Collected data:

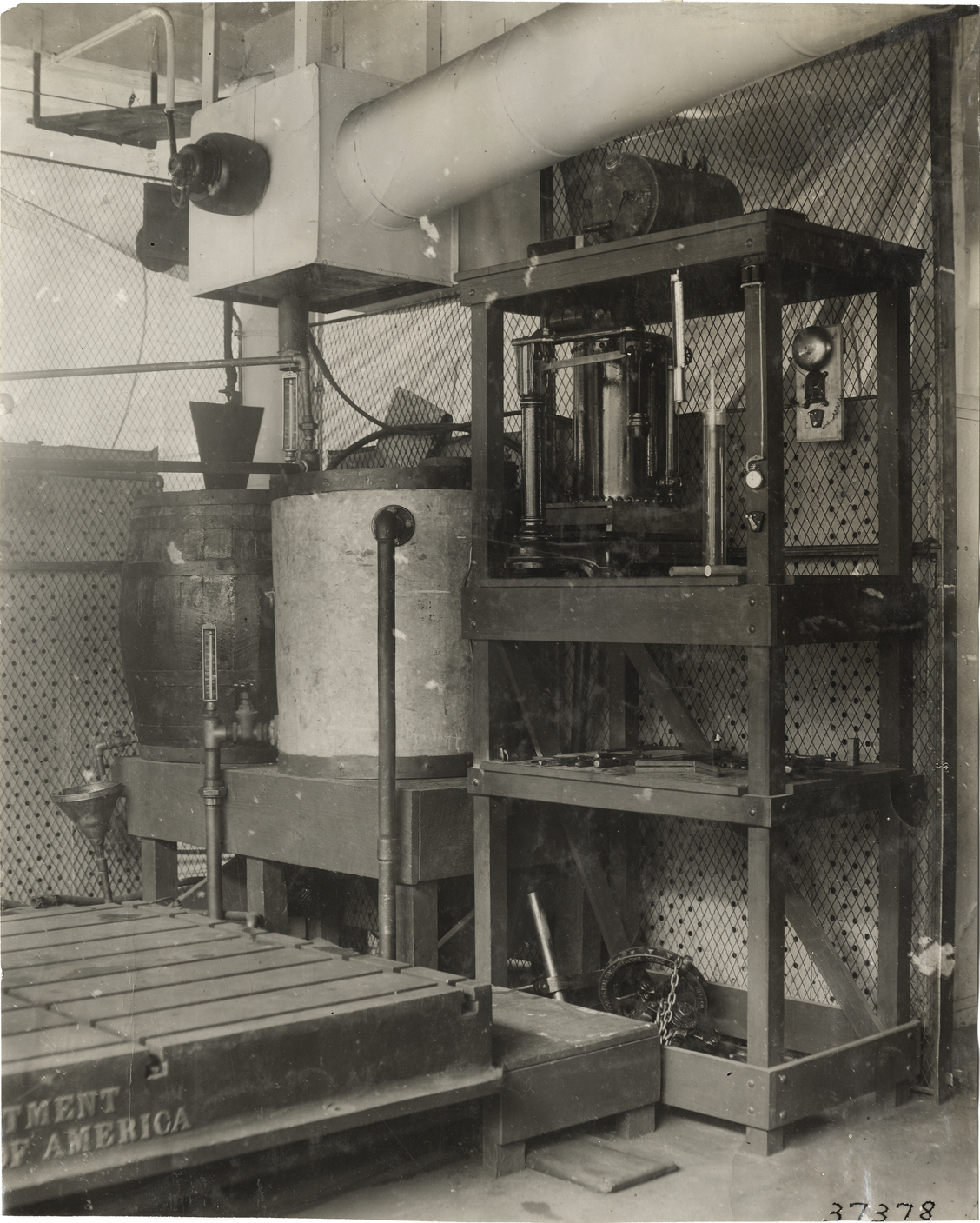 View of shelves holding assorted hand tools, beaker, weights and alarm bell. Stamped on back: "Spooner & Wells, Inc., photographers, telephones 3472-3473 Columbus, 1931 Broadway, New York." Handwritten on back: "Machinery, 1910."
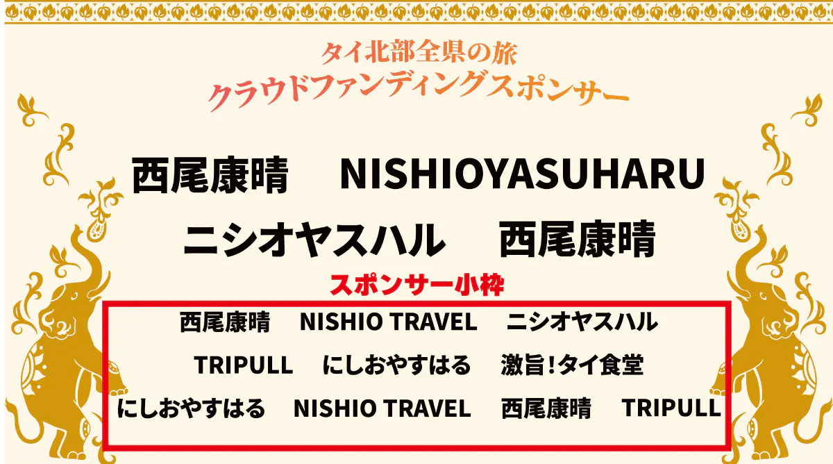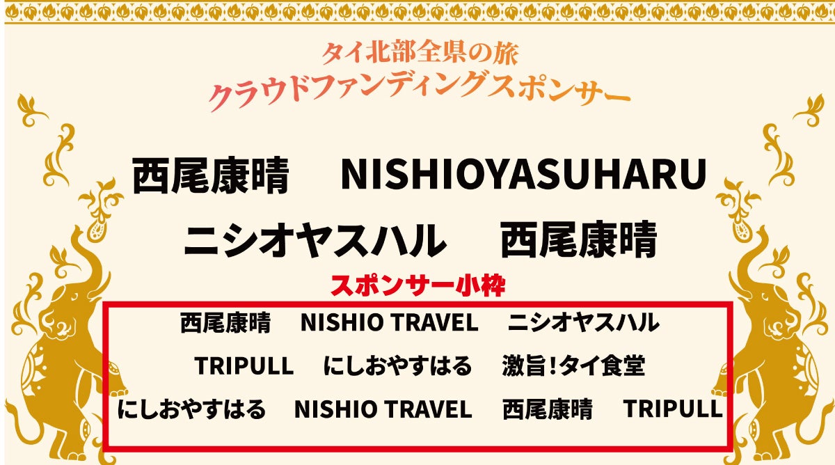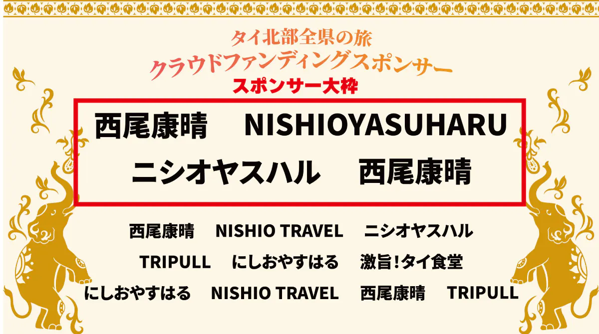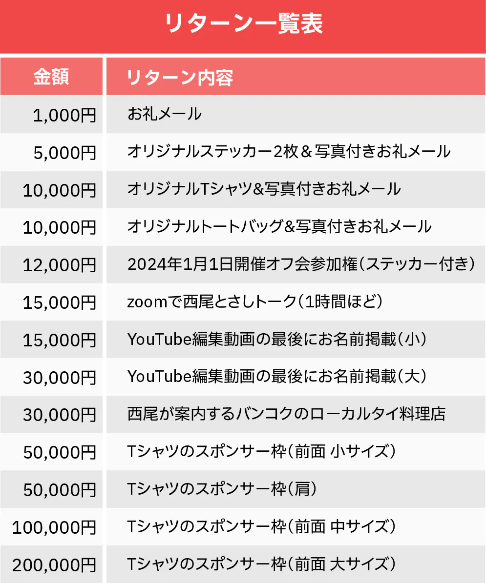 「タイ北部全県の旅」でのクラウドファンディングにご支援してくださった方々には、以下のリターンを用意しております。
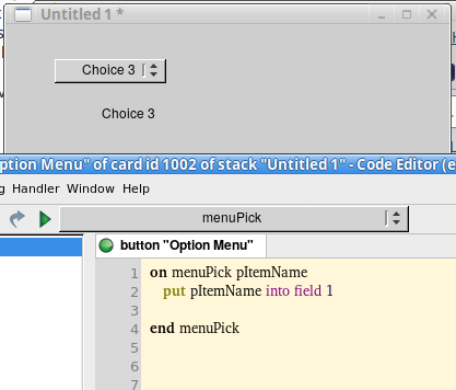 I have a stack with 4 controls on it - A Choice Menu, a Label Field to display its contents a PopUp Menu and a Label Field2 to display its contents. The following script is in the script for the card itself:
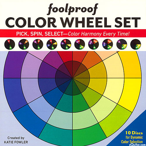 Pick, spin, and select color harmony every time with this foolproof color wheel set. Includes 8" color wheel with 12 colors featuring tints, tones, and shades and then die-cut color combination discs. 'Foolproof Color Wheel Set' by Katie Fowler, published by C&T Publishing, includes 8" color wheel with 12 colors featuring tints, tones, and shades, and 10 die-cut color combination discs.
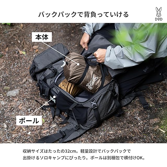 商品名:DOD(ディーオーディー) めんだこテント 徒歩キャン 軽量 快適 ソロ 遮光 テント T1-176-BR
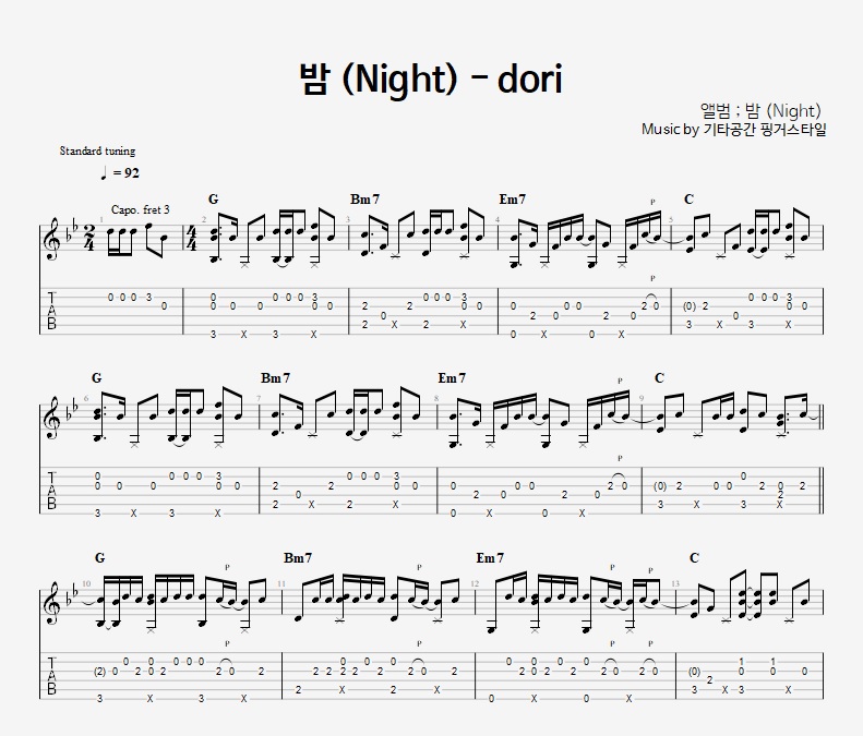 - 핑거스타일기타 편곡악보로, 타브악보가 'PDF파일' 로 제공됩니다.

Required work →
Give the entries again without a single change, but with no pictures.

Finished task →
 View of shelves holding assorted hand tools, beaker, weights and alarm bell. Stamped on back: "Spooner & Wells, Inc., photographers, telephones 3472-3473 Columbus, 1931 Broadway, New York." Handwritten on back: "Machinery, 1910."
 「タイ北部全県の旅」でのクラウドファンディングにご支援してくださった方々には、以下のリターンを用意しております。
 I have a stack with 4 controls on it - A Choice Menu, a Label Field to display its contents a PopUp Menu and a Label Field2 to display its contents. The following script is in the script for the card itself:
 Pick, spin, and select color harmony every time with this foolproof color wheel set. Includes 8" color wheel with 12 colors featuring tints, tones, and shades and then die-cut color combination discs. 'Foolproof Color Wheel Set' by Katie Fowler, published by C&T Publishing, includes 8" color wheel with 12 colors featuring tints, tones, and shades, and 10 die-cut color combination discs.
 商品名:DOD(ディーオーディー) めんだこテント 徒歩キャン 軽量 快適 ソロ 遮光 テント T1-176-BR
 - 핑거스타일기타 편곡악보로, 타브악보가 'PDF파일' 로 제공됩니다.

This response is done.